Add missing markdown sections for linter

sebrandon1 · sebrandon1 · commit ae29d683ec0d · 2025-04-28T17:19:52.000-05:00
diff --git a/enhancements/cert-manager-proxy/http01_challenge_proxy.md b/enhancements/cert-manager-proxy/http01_challenge_proxy.md
@@ -38,7 +38,7 @@ The gap arises due to how the ACME HTTP01 challenge works. The following scenari
 2. **Compact Clusters**: The node hosting the API VIP may also host an OpenShift Router. If no router is present on the node hosting the VIP, the challenge will fail.
 3. **SNO (Single Node OpenShift)**: The same nodes host both the ingress and API components. Both FQDNs (`api` and wildcard) resolve to the same IP, making the challenge feasible.
 
-To address this gap, a small proxy was developed. This proxy runs on the cluster as a DaemonSet (control plane nodes) and ensures that connections reaching the API on port 80 are redirected to the OpenShift Ingress Routers.

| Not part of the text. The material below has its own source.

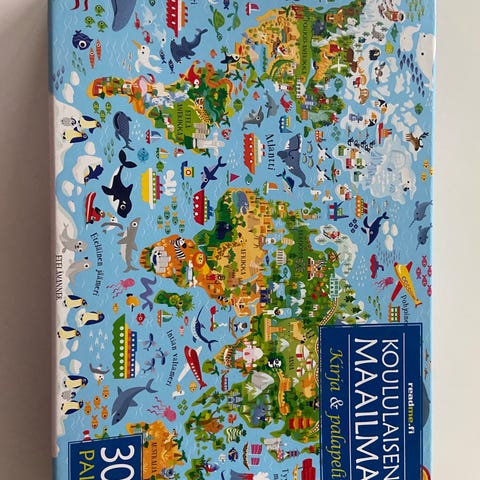 Palapeli, jossa 100 palaa. Palapelissä on värikäs maailmankartan kuvitus, jossa näkyy eri mantereita, eläimiä ja merieläimiä. Pakkauksena on kantokahvalla varustettu laatikko, joka helpottaa säilytystä ja kuljettamist

The proxy implementation creates a reverse proxy to the apps VIP and uses `nftables` to redirect traffic from `API:80` to `PROXY:8888`.
+To address this gap, a small proxy was developed. This proxy runs on the cluster as a DaemonSet (control plane nodes) and then adds iptables rules to the nodes and ensures that connections reaching the API on port 80 are redirected to the OpenShift Ingress Routers. The proxy implementation creates a reverse proxy to the apps VIP and uses `nftables` to redirect traffic from `API:80` to `PROXY:8888`.
 
 - **Proxy Code**: [GitHub Repository](https://github.com/mvazquezc/cert-mgr-http01-proxy/tree/main)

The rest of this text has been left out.